After training as a dancer, he was first on stage in the chorus of The Five O'Clock Revue (1929) and was regularly on the London stage, in revues, musicals and straight plays, throughout the 1930s, as well as making about twenty films before war broke out.
He is an engaging juvenile lead in such 30s pieces as The Ghost Camera (d. Bernard Vorhaus, 1933, as Ida Lupino's brother), the chirpy musical Car of Dreams (d. Graham Cutts, 1935), the love interest for Nova Pilbeam's Tudor Rose (d. Robert Stevenson, 1936), and the schoolboy grown into soldier in Goodbye, Mr Chips (d. Sam Wood, 1939).
But World War II changed everything for Mills, as it did for so much connected with British cinema. The roles he played in In Which We Serve (d. Noël Coward/David Lean, 1942), We Dive at Dawn (d. Anthony Asquith, 1943), This Happy Breed (d. Lean, 1944), Waterloo Road (d. Sidney Gilliat, 1944) and The Way to the Stars (d. Asquith, 1945) defined a new kind of British film hero: he is the boy-next-door in his ordinariness, but he has also established an everyman reliability under stress; he is decent, brave and loyal; and he works enough subtle mutations on the type to avoid mere repetition. It is arguable that no British male star ever had so long and rewarding a stardom, and in predominantly British films.
In the postwar era, he was a definitive Pip in Great Expectations (d. David Lean, 1946), emphatically a figure for a supposedly more egalitarian Britain; the tormented hero, an industrial chemist who fears he may have committed murder, in The October Man (d. Roy Ward Baker, 1947); the archetypal British hero, Scott of the Antarctic (d. Charles Frend, 1948), who failed so bravely; and another sort of hero, the bootmaker Willie Mossop, in Hobson's Choice (d. David Lean, 1953).

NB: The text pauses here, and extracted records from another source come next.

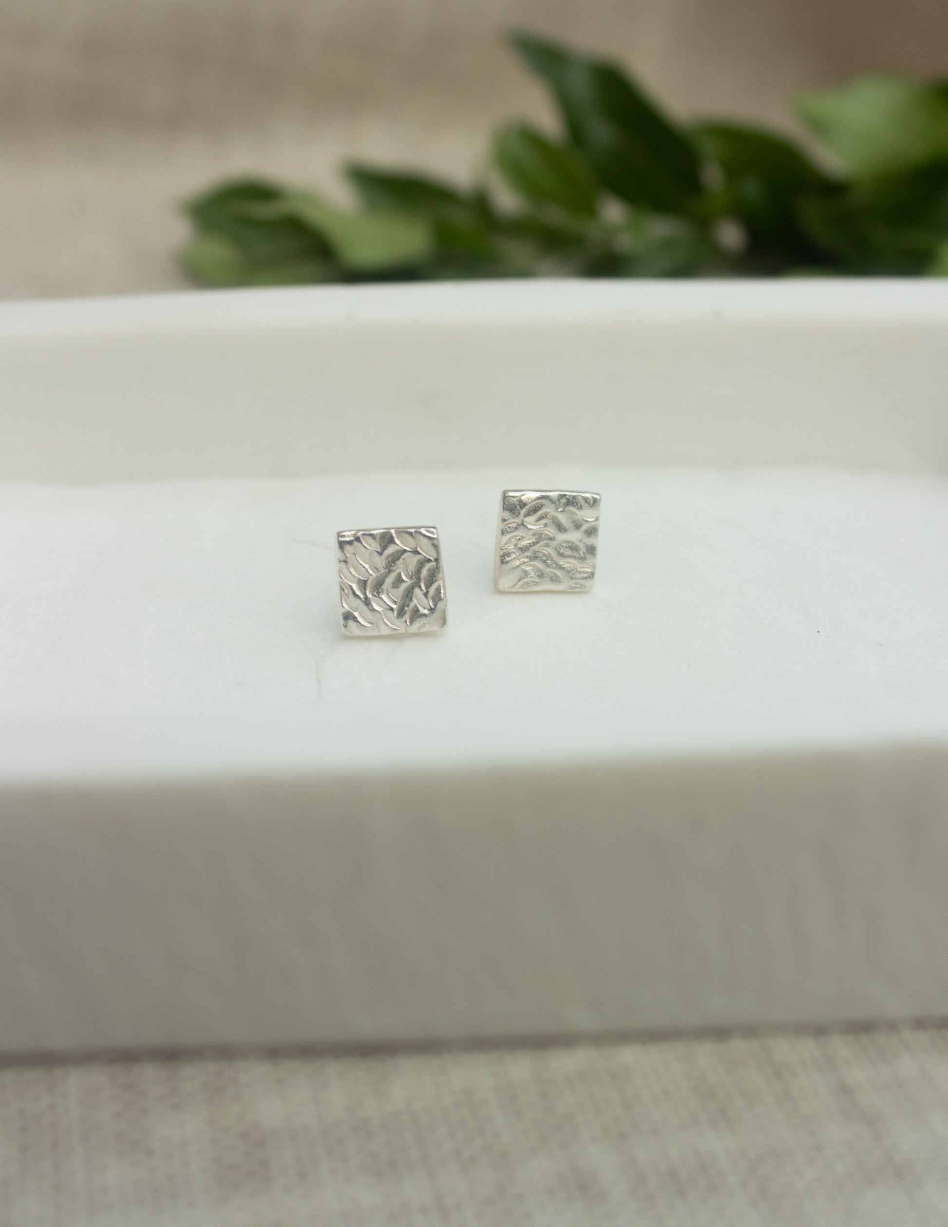 Stud earrings make all the difference to your everyday look. Our slice hammered circle and square stud earrings make a great choice. These earrings have a minimalist and simple hammered effect that plays around with the light to give them a beautiful shimmer and shine. These studs are light and comfortable to wear.
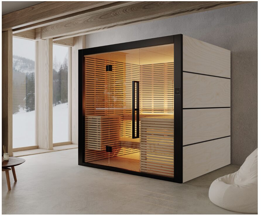 Next Level Dual di Kinedo è una sauna ibrida estremamente versatile, che fonde con maestria una stufa tradizionale e un radiatore a infrarossi all’interno della stessa cabina.
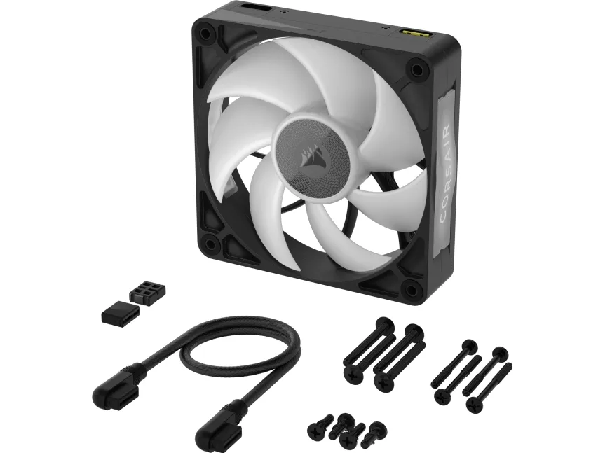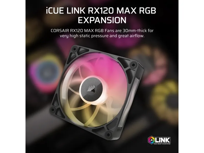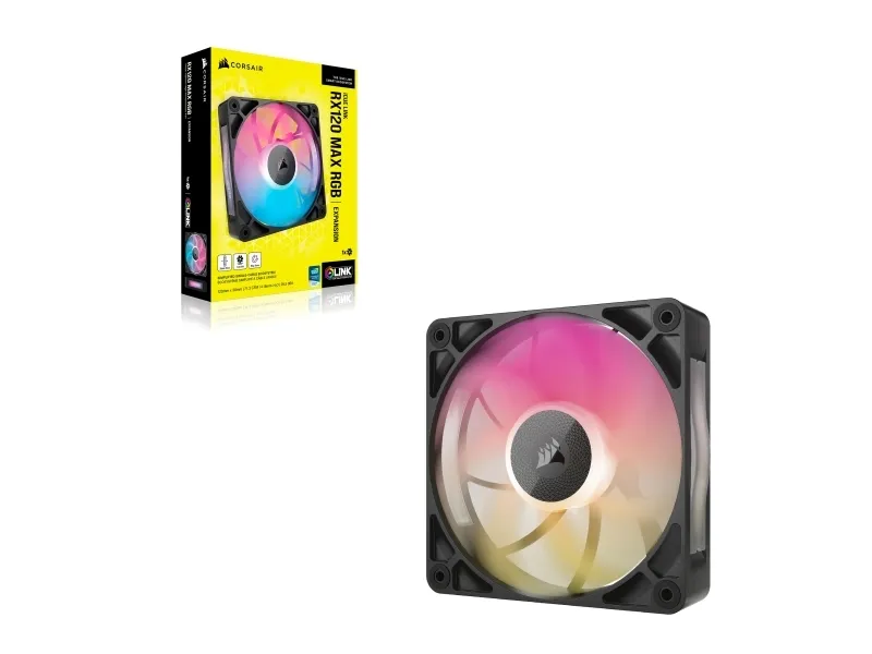 REMOVING AGE-OLD ANNOYANCES QUIKTURN SCREW REVOLUTION Take CORSAIR's QuikTurn screws for a single spin and see how convenient fan installation can be: as robust and secure as any traditional screw, and an absolute pleasure to use. Especially when you need to use 20 or more in a build.Corsair iCUE LINK RX120 MAX RGB. Type: Fan, Fan diameter: 12 cm, Rotational speed (min): 400 RPM, Rotational speed (max): 2000 RPM, Noise level (low speed): 10 dB, Noise level (high speed): 29.5 dB, Maximum airflow: 71.3 cfm, Minimum air pressure: 0.22 mmH2O, Maximum air pressure: 4.16 mmH2O. Product colour: Black
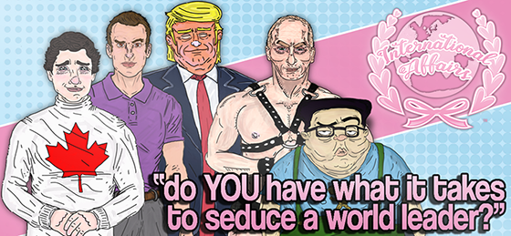 International Affairs challenges YOU to romance powerful heads of state while attempting to uncover a sinister and horrifying threat to global security. With jaw-dropping dialogue, outrageous plot twists, and lavishly illustrated art, the prospect of achieving world peace has never been so sensual!
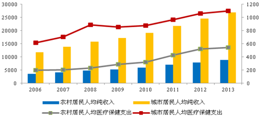 城市、農(nóng)村居民人均純收入及醫(yī)療保健支出情況
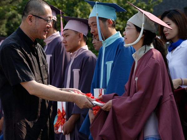 范迪安向毕业生代表颁发毕业证书
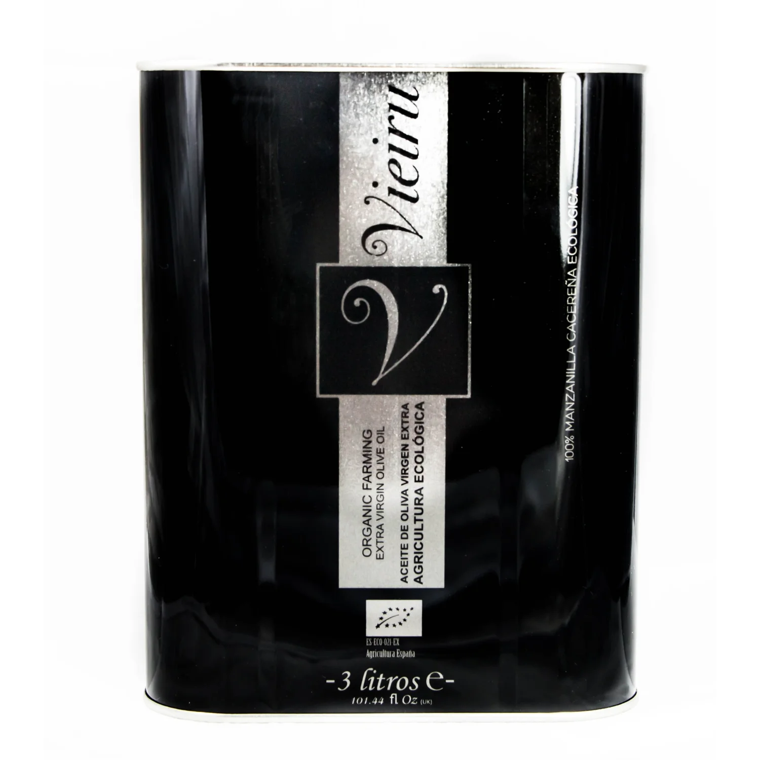 El aceite virgen extra premium Vieiru ecológico se elabora exclusivamente con aceituna en envero (final Octubre) de la variedad manzanilla cacereña. Es un aceite temprano de Primera Extracción en Frío.
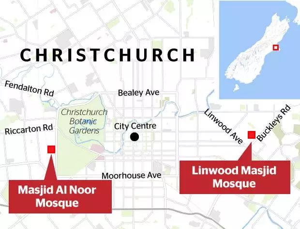 当天中午1点40分左右,枪手在南岛城市基督城的Hagley公园中的Al Noor清真寺内开枪射击。据从现场逃命的男子描述,事发现场至少有两名枪手开枪;随后,在当地Linwood区的另一座清真寺内发生了第二起枪击。另外,基督城医院外也随之发生了第三次枪击。
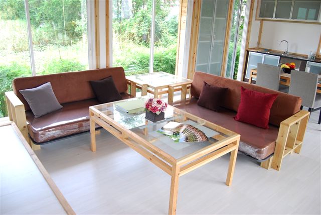 4) เฟอร์นิเจอร์ในห้องนั่งเล่นนั้นควรมีสภาพโปร่งไม่ทึบ เช่น โซฟาที่มีขาลอยตัวจากพื้นห้อง โต๊ะกลางโซฟาที่มีสภาพโปร่งๆ ทำให้กระแสไหลอากาศไหลเวียนใต้โซฟาได้ง่าย รวมไปถึงยังสามารถกวาดถูทำความสะอาดใต้โซฟาหรือโต๊ะได้ง่ายจึงไม่เป็นที่สะสมของสิ่งสกปรก โดยเฉพาะอย่างยิ่งห้องนั่งเล่นที่มีเฟอร์นิเจอร์อยู่ใกล้บริเวณประตูทางเข้าบ้านนั้น หากมีเฟอร์นิเจอร์ที่ใกล้บริเวณประตูมีสภาพโปร่งไม่ทึบก็จะช่วยให้กระแสลมหรือ “ฮวง” นั้นเขามาในบ้านได้ง่าย

As the 1950s wore on, the roles shaded subtly into character leads. He is the shabby private detective in The End of the Affair (d. Edward Dmytryk, 1954) and the captain in Ice Cold in Alex (d. J. Lee Thompson, 1958), pushed by exhaustion into incipient neurosis and alcoholism. The twitchy, repressed military types in Tunes of Glory (d. Ronald Neame, 1960) and Tiara Tahiti (d. Ted Kotcheff, 1962), the one headed for tragedy, the latter for the humiliations of social comedy, reveal precision as well as versatility; and he is ultimately very moving as the father in The Family Way (d. Boulting Brothers, 1966) who may have loved no one as much as his dead mate.
Typically, he got the Oscar for a grotesque piece of facial and vocal distortion in the inflated Ryan's Daughter (d. David Lean, 1970) - supporting actor Oscars have always been drawn to this sort of cosmetic display - when one could nominate a dozen far less showy, more worthy contenders among his roles. Even in perfectly ordinary films like The Vicious Circle (d. Gerald Thomas, 1957), one never stops believing in him.
His later decades saw him in character cameos, in good films (e.g., Gandhi (d. Richard Attenborough, 1982)) and bad (e.g., Deadly Advice (d. Mandie Fletcher, 1994)). Kenneth Branagh enlisted him (as whom did he not?) for Hamlet (UK/US, 1996) to play the mute role of "Old Norway", for whom Shakespeare had thoughtlessly failed to produce lines, and he went on appearing in TV series (e.g., Martin Chuzzlewit, BBC, 1994) and talk shows. Though very deaf and part-blind, he still evinced the chipper persona honed below (occasionally above) decks in those war films half a century earlier.
He tried his hand at directing and producing but he is, above all, a British film actor par excellence. The achievement is there in the CV; it has been recognised serially with CBE (1960), knighthood (1976), BAFTA Special Tribute Award (1987), and BFI Fellowship (1995). No one could say he hadn't earned them.
Married (his second) since 1941 to author Mary Hayley Bell, he is the father of actresses Hayley and Juliet Mills.
Autobiography: Up in the Clouds, Gentlemen Please (1980).